実装であり、その中にSleep(700)



呼び出しが追加されていることを理解するのは非常に簡単です。 Sleep()



が存在する理由はまだ明らかではありません。 ただし、それでも関数の結果には影響しません。そのため、比較される行の種類を把握します。







ebp-14h



とebp-24h



等しい2つのポインターebp-24h



ebp-14h



ます。 2番目の関数は、引数を関数011410b0



に渡す前011410b0



。

これは隠し番号を要求する関数ではありませんか？ 呼び出しスタック（ k



）を確認しましょう。







はい、彼女です！



パズルの一般的なスキームが明確になりました。ユーザーの予測はebp-24h



保存され、その数はebp-14h



れebp-14h



。その後、比較され、「Good job my friend！」または「Wrong one ...」が印刷されます。

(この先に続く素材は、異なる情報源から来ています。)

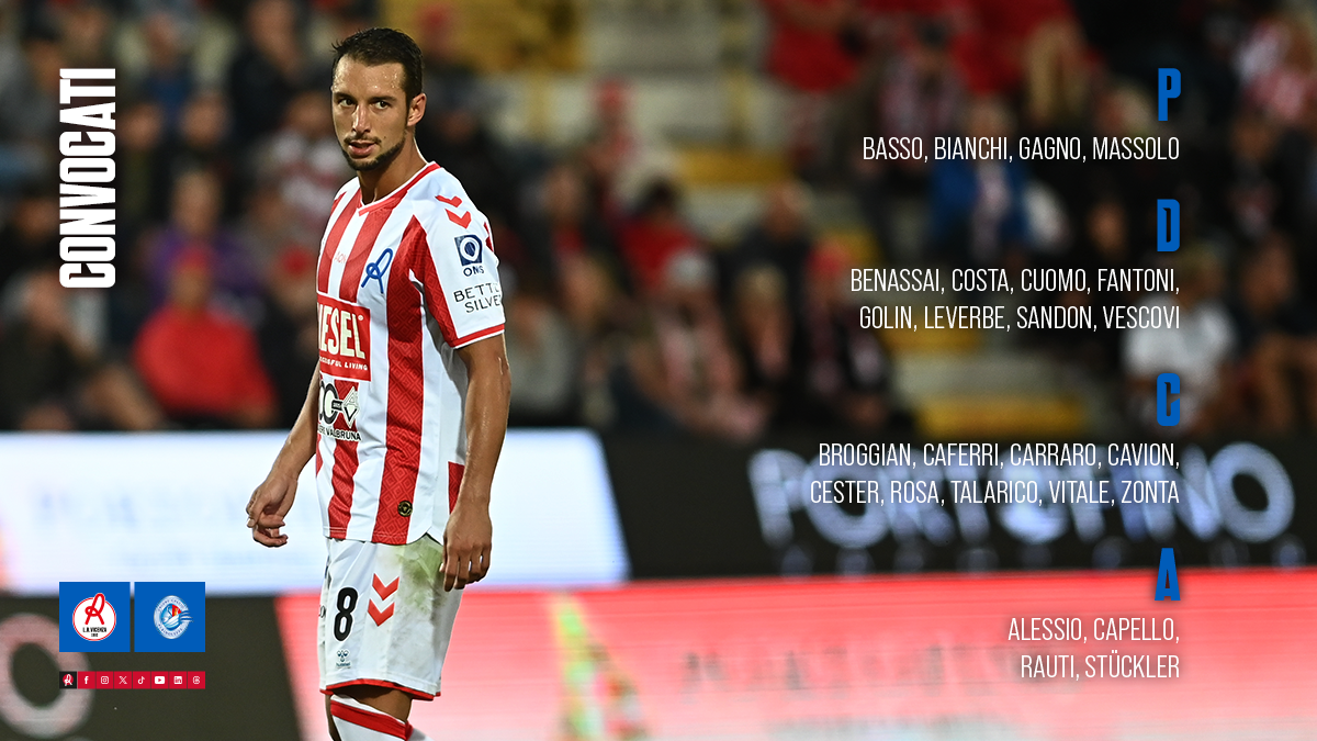 In vista della partita L.R. Vicenza-Albinoleffe, incontro valido per la decima giornata di Serie C Sky Wifi in programma domenica 19 ottobre alle ore 14:30 allo stadio Romeo Menti, sono stati convocati i seguenti calciatori:

残るのは、スタックフレームから隠し番号を取得することだけです。 コールスタックから彼のebp



を既に知っています。







さあ、さあ...







成功！ おいしいものを外すことができます。



しかし、3つの不思議な事柄は説明なしで残されました。

1. Sleep(700)



strcmp()



Sleep(700)
   
   
   
   内にSleep(700)
   
   
   
   呼び出しがあるのはなぜですか？
2. なぜ、隠し番号を入力したときに、「Good job my friend！」を印刷する前にプログラムが10秒間フリーズしたのですか？
3. 時計職人はこのパズルと何をしなければなりませんか？

したがって、推測された数を推測するための2番目の（よりインテリジェントな）方法があります。 0から9の数字をランダムに試してみると、9でプログラムが少しハングしていることに気付くのは簡単です。 90〜99の数字を試してみると、98の数字でプログラムが2倍の長さで「フリーズ」していることがわかります。 （内臓を発見したので、私たちはすでに問題を理解しています。文字の各ペアの比較に成功すると、0.7秒の遅延が発生します。）デバッガーを起動せずにパズルを解くには、次の数字を選択するだけで十分でした。正確なストップウォッチ、または単純なスクリプトを使用します。 したがって、コンパイラーは、エラーメッセージが測定および分析されるまでの時間が長い場合、 暗号アルゴリズムを攻撃する長年の方法を示唆しました。



しかし、私の意見では、未知の暗号パッカーに包まれたプログラムをピックアップする方法を学ぶことは、より興味深く、より価値があります:-)



バイナリがどのように暗号化されるか、または入力した数字の文字列がスタックにどのように表示されるかを把握する必要はないことに注意してください（ダンプで文字列定数の中にないことがわかりました）-準備と準備の両方ができました約12個のWinDbgコマンドで十分でした。